The schematic diagram shown above presents the majority of the issues which need to be considered in developing a multiphase tieback These issues are

divided into the colour coded subgroups Energy , Integrity , Delivery , and Overall.

If you wish more information directly on corrosion, for example, click on the word

‘ Corrosion ’ to take you to the guidelines on this subject.

Click on the titles ‘ Energy ’, ‘ Integrity ’, ‘ Delivery ’, and ‘Overall’ in the diagram above

to move you to the relevant page which lists the related issues.

Use of these guidelines

Provision of sufficient pressure to transport required flow rates

of hydrocarbons from reservoir to process

Energy Issues

• Drag reduction

• Slugging in horizontal wells

• Gas lift system stability

• Interaction with reservoir performance

• Pressure loss in flowlines

• Separator pressure setpoint

• Pressure loss in wells

• Artificial lift method selection

• Remote multiphase boosting

Pressure Loss in Flowlines

Appraise, select, define

Key data requirements:

• flowrate vs BHFP through life data; completion data;

PVT data (black oil - bubble point, oil viscosity, three

stage flash data; condensate - full compositional

description); proposed slugcatcher/first stage separator

pressure; specification of any artificial lift devices; route

dimensions (length, topography)

Key work activities:

• use a steady-state multiphase simulator to model well

and flowline network to give pressure loss and velocity

data as a function of flowrates

Key output:

• recommendations of line size[s] for the field flow line

network

Principal reasons for investigating: to ensure the basic flowline system design is adequately sized to cover the

range and uncertainty of flows over field life

Secondary reasons for investigating :

• to ensure that revisions to design to manage changes in reservoir predictions, temperature management, and

additions from other fields, are checked for adequate size

Upstream Technology Group contacts:

Phil Sugarman (Sunbury), Norm McMullen (Houston)

Business Unit contacts:

Nathan Barrett, Peter Bradley (Wytch Farm)

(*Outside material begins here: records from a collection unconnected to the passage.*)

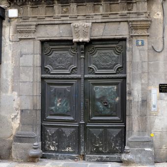 Este edificio del siglo XVIII presenta una puerta de roble moldurado con dos hojas simétricas, enmarcada por pilastras dóricas que sostienen un entablamento decorado con triglifos y detalles esculturales.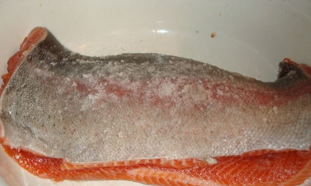 - Embajador seco. Este método consiste en frotar el pescado con una mezcla de sal y pimienta, la proporción puede ser diferente. Aquí es imposible salar demasiado; al lavar las canales, saldrá su exceso. Alternativamente, se puede complementar con especias, especias. El tiempo de salazón es de 12 horas.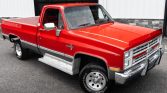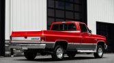 This 1987 Chevrolet V10 Silverado is a 4×4 Fleetside pickup is finished in red and gray over burgundy cloth and is powered by a 5.7-liter V8 linked with a four-speed automatic transmission and a dual-range transfer case. Additional equipment includes 15″ eight-hole wheels, front disc brakes, power steering, a front wind deflector, a sliding rear window, and running boards in addition to air conditioning, a cassette stereo, and power windows and locks.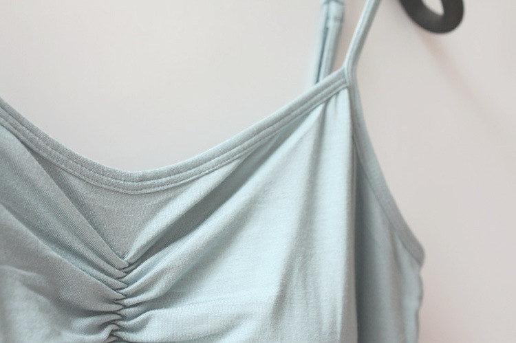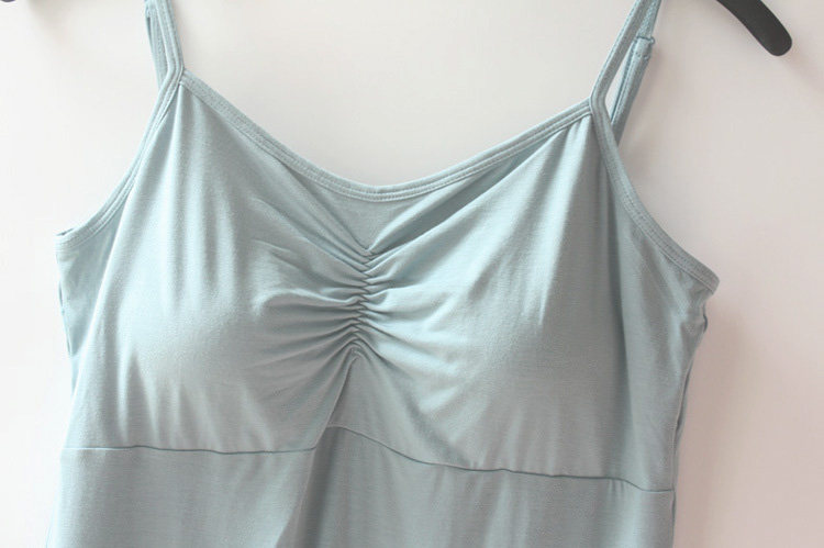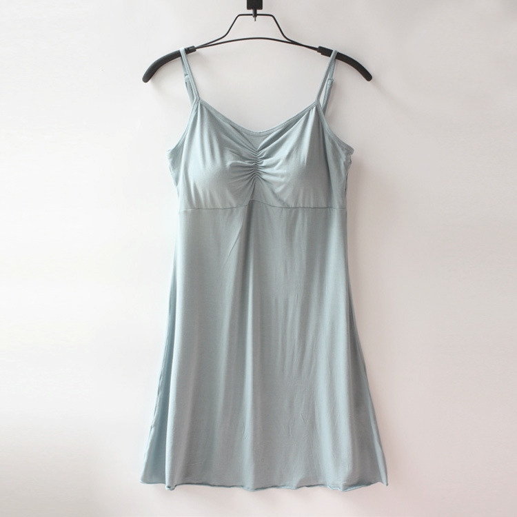 带胸垫,胸垫可以取出来,居家穿很实用,家里有其他的长辈或者晚辈,穿上这样的睡裙,不露点,很舒服!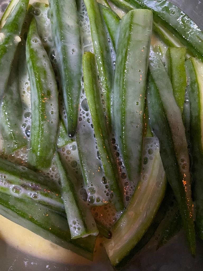 Step 1. Take 100 grams of ladyfinger, wash it and the cut them vertically after removing the front and end of the ladyfinger.

Contractors/consultants with relevant experience:

Software packages:

MULTIFLO (inhouse BP Amoco VAX), PIPESIM,PIPEPHASE, PROSPER/GAP

Information on Intranet:

Separator Pressure Setpoint

Appraise, select, define

Key data requirements:

• reservoir pressure and production rate as a function of

time; gas-oil ratio as a function of pressure and

temperature; range of expected pressure drop from

sand face to separator as a function of flow rates,

tubing and line sizes; compression costs as a function

of flowrates, separator pressure and required export or

reinjection pressure

Key work activities:

• use iteration, preferably in a software package, to

investigate the influence of separator pressure set

point on system equipment requirements, export

compression, and thereby the influence on costs,

production rates, and recovery

Principal reasons for investigating: to ensure an adequate pressure drop is available from sand face, through the

wells and flowlines [and risers], to the first stage separator, for the required flow rates through field life

Secondary reasons for investigating :

• to optimize this pressure, taking into account both reservoir performance and processing efficiency

Upstream Technology Group contacts:

Phil Sugarman, Bryn Stenhouse (Sunbury), George Shoup(Houston)

Business Unit contacts:

Contractors/consultants with relevant experience:

Software packages:

HYSIS, PROSPER/GAP/MBAL

Information on Intranet:

Pressure Loss in Wells

Appraise, select, define

Key data requirements:

• flowrate vs BHFP through life data; completion data;

PVT data (black oil - bubble point, oil viscosity, three

stage flash data; condensate - full compositional

description); proposed slugcatcher/first stage separator

pressure; specification of any artificial lift devices

Key work activities:

• use a steady-state multiphase simulator to model well

and flowline network to give pressure loss data as a

function of flowrates

Key output:

• recommendations of line size[s] for well tubing and the

field flow line network

Principal reasons for investigating: to ensure the basic well/flowline system design is adequately sized to cover

the range and uncertainty of flows over field life

Secondary reasons for investigating :

• check revisions to system design following changes in reservoir predictions, and possible additions from other fielddevelopments

Upstream Technology Group contacts:

Phil Sugarman, Simon Bishop (Sunbury),Norm McMullen (Houston)

Business Unit contacts:

Contractors/consultants with relevant experience:

Software packages:

MULTIFLO (inhouse BP Amoco VAX), PIPESIM,PIPEPHASE, PROSPER/GAP

Information on Intranet:

Key data requirements:

• flowrate vs BHFP through life data; completion data;

PVT data (black oil - bubble point, oil viscosity, three

stage flash data; condensate - full compositional

description); proposed slugcatcher/first stage separator

pressure; full specification of artificial lift devices

and chemicals

Key work activities:

• screen the wide variety of possible artificial lift options

for those which may genuinely be applicable to the

conditions of the system under investigation

• use a steady-state multiphase simulator to model well

and flowline network to give pressure loss data as a

function of flowrates with the inclusion of various

combinations of ‘artificial lift’ systems, including, but not

limited to gas lift, electric submersible pumps,

multiphase boosters, drag reducing agents, partial

processing

• evaluate the economic benefits of the various

Principal reasons for investigating: to identify the most appropriate option(s) for adding energy to, or reducing

the pressure drop through, the well/flowline system

Secondary reasons for investigating :

• ensure revisions to design due to changes in reservoir predictions and facilities design, are also compatible with theselected artificial lift options

Upstream Technology Group contacts:

Phil Sugarman, Paul Fairhurst, Simon Bishop (Sunbury),Norm McMullen, Dan Yee (Houston)

Business Unit contacts:

Schiehallion (Doug Wood, Dyce), Angola (Leofric Studd,Sunbury )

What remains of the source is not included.